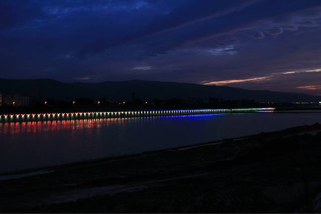 夜晚的淮河静谧,就算有霓灯,也不显浮躁,而与整个城市气氛溶于一起。
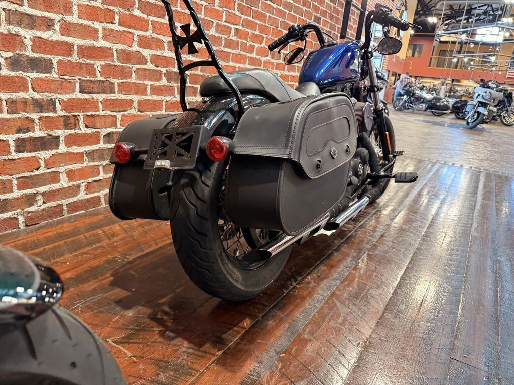 The 2011 Harley-Davidson Sportster Forty-Eight XL1200X is one of the garage custom motorcycles in the Harley Dark Custom line. This bike cruises down the road with a 1200 cc Evolution engine – an engine with a true Harley-Davidson soul. The Forty-Eight also has an authentic peanut tank which first appeared on Harley-Davidson back in 1948 (its name origin) and has been a defining Sportster feature ever since. The front end of the bike looks beefy with its fat MT90 tire. The Harley Sportster Forty-Eight look is enhanced with the lowered front and rear suspension. Add a low seat height, and you have a serious looking motorcycle with an approachable riding stance. Take sometime and look over the features of this Harley Dark Custom, including the unique under mount motorcycle mirrors.
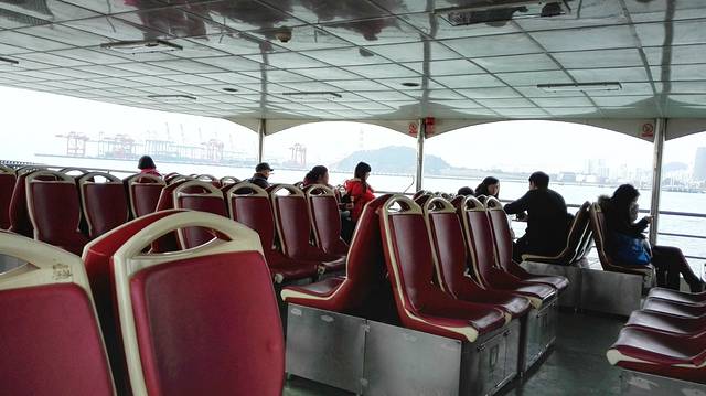 邮轮中心,进岛的码头只有这一个,而鼓浪屿上有两个码头,一个内厝澳,一个三丘田,可以根据住的地方自行选择。只是离岛时内厝澳码头的船结束的早,坐船的时候都有提示,要听清楚。根据客栈头一天发来的路线信息,我选了内厝澳码头上岛。来的时候同学说可能要网上预约船票,后来我问了客栈的人说这时候人不多,可以随时买,就没预约了。上岛的船分豪华和普通两种,豪华的20分钟一班,50往返。而普通的50分钟一班,35往返。我选的普通的,售票有人工窗口,也有自助,当然我后来关注了邮轮中心的微信,在上面也一样可以买。买票通过身份证买,进出闸口直接刷身份证就可以了,省了纸质的票更环保。
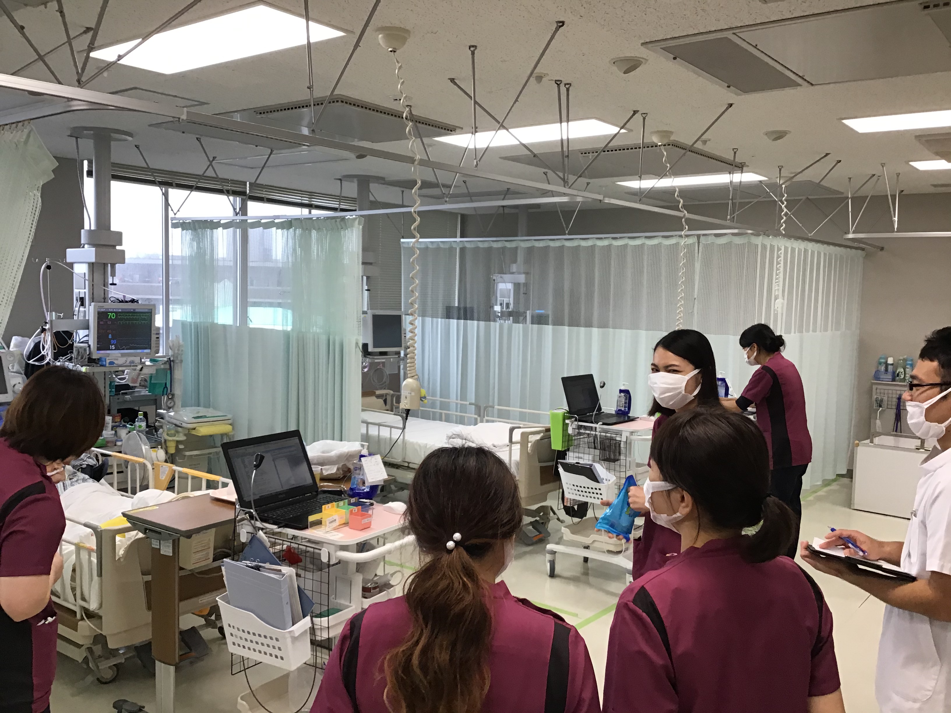 当院の急性期病院としてのリハビリテーションの役割は、入院患者様の寝たきり予防、日常生活動作(以下Activities of Daily Living:ADL)の自立度を高めることです。そのため入院患者様に共通するのは入院早期からのリハビリテーションの介入が重要になります。 高齢化社会がすすみ、入院前よりADLの低下がみられる患者様が多く、病気や怪我による治療と並行して筋力低下や認知機能低下(廃用)の進行予防が予後を左右します。 平成30年4月からICUでも入院後早期にリハビリすることが認められ診療酬が改定されました。当院では平日に多職種協働によるICUカンファレンスを実施し、安静や鎮静レベルに応じて確かなリスク管理の下で積極的な早期離床を実施しており、それが身体機能だけでなく認知機能低下を予防し退院後の自立度の高い生活につながると考えています。
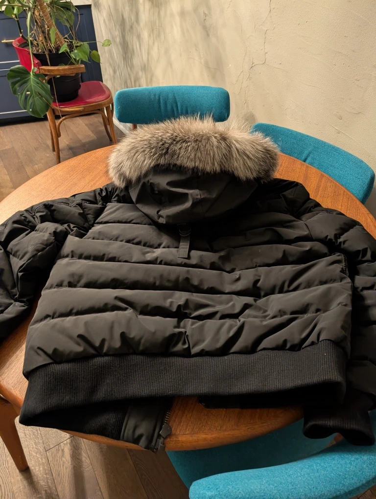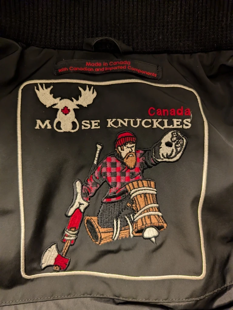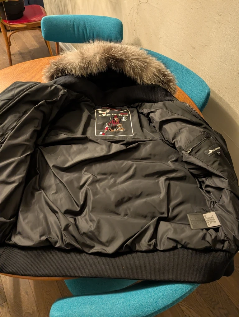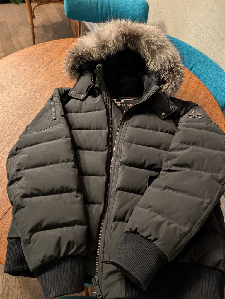 Selling a Moose Knuckles black down bomber jacket. It's in great condition and perfect for the Canadian winter! The jacket features a fur-trimmed hood and the classic Moose Knuckles logo on the sleeve.

Exercise description
Give the records again without a single change, and exclude the pictures.

Solution to the problem
 夜晚的淮河静谧,就算有霓灯,也不显浮躁,而与整个城市气氛溶于一起。
 The 2011 Harley-Davidson Sportster Forty-Eight XL1200X is one of the garage custom motorcycles in the Harley Dark Custom line. This bike cruises down the road with a 1200 cc Evolution engine – an engine with a true Harley-Davidson soul. The Forty-Eight also has an authentic peanut tank which first appeared on Harley-Davidson back in 1948 (its name origin) and has been a defining Sportster feature ever since. The front end of the bike looks beefy with its fat MT90 tire. The Harley Sportster Forty-Eight look is enhanced with the lowered front and rear suspension. Add a low seat height, and you have a serious looking motorcycle with an approachable riding stance. Take sometime and look over the features of this Harley Dark Custom, including the unique under mount motorcycle mirrors.
 邮轮中心,进岛的码头只有这一个,而鼓浪屿上有两个码头,一个内厝澳,一个三丘田,可以根据住的地方自行选择。只是离岛时内厝澳码头的船结束的早,坐船的时候都有提示,要听清楚。根据客栈头一天发来的路线信息,我选了内厝澳码头上岛。来的时候同学说可能要网上预约船票,后来我问了客栈的人说这时候人不多,可以随时买,就没预约了。上岛的船分豪华和普通两种,豪华的20分钟一班,50往返。而普通的50分钟一班,35往返。我选的普通的,售票有人工窗口,也有自助,当然我后来关注了邮轮中心的微信,在上面也一样可以买。买票通过身份证买,进出闸口直接刷身份证就可以了,省了纸质的票更环保。
 当院の急性期病院としてのリハビリテーションの役割は、入院患者様の寝たきり予防、日常生活動作(以下Activities of Daily Living:ADL)の自立度を高めることです。そのため入院患者様に共通するのは入院早期からのリハビリテーションの介入が重要になります。 高齢化社会がすすみ、入院前よりADLの低下がみられる患者様が多く、病気や怪我による治療と並行して筋力低下や認知機能低下(廃用)の進行予防が予後を左右します。 平成30年4月からICUでも入院後早期にリハビリすることが認められ診療酬が改定されました。当院では平日に多職種協働によるICUカンファレンスを実施し、安静や鎮静レベルに応じて確かなリスク管理の下で積極的な早期離床を実施しており、それが身体機能だけでなく認知機能低下を予防し退院後の自立度の高い生活につながると考えています。
 Selling a Moose Knuckles black down bomber jacket. It's in great condition and perfect for the Canadian winter! The jacket features a fur-trimmed hood and the classic Moose Knuckles logo on the sleeve.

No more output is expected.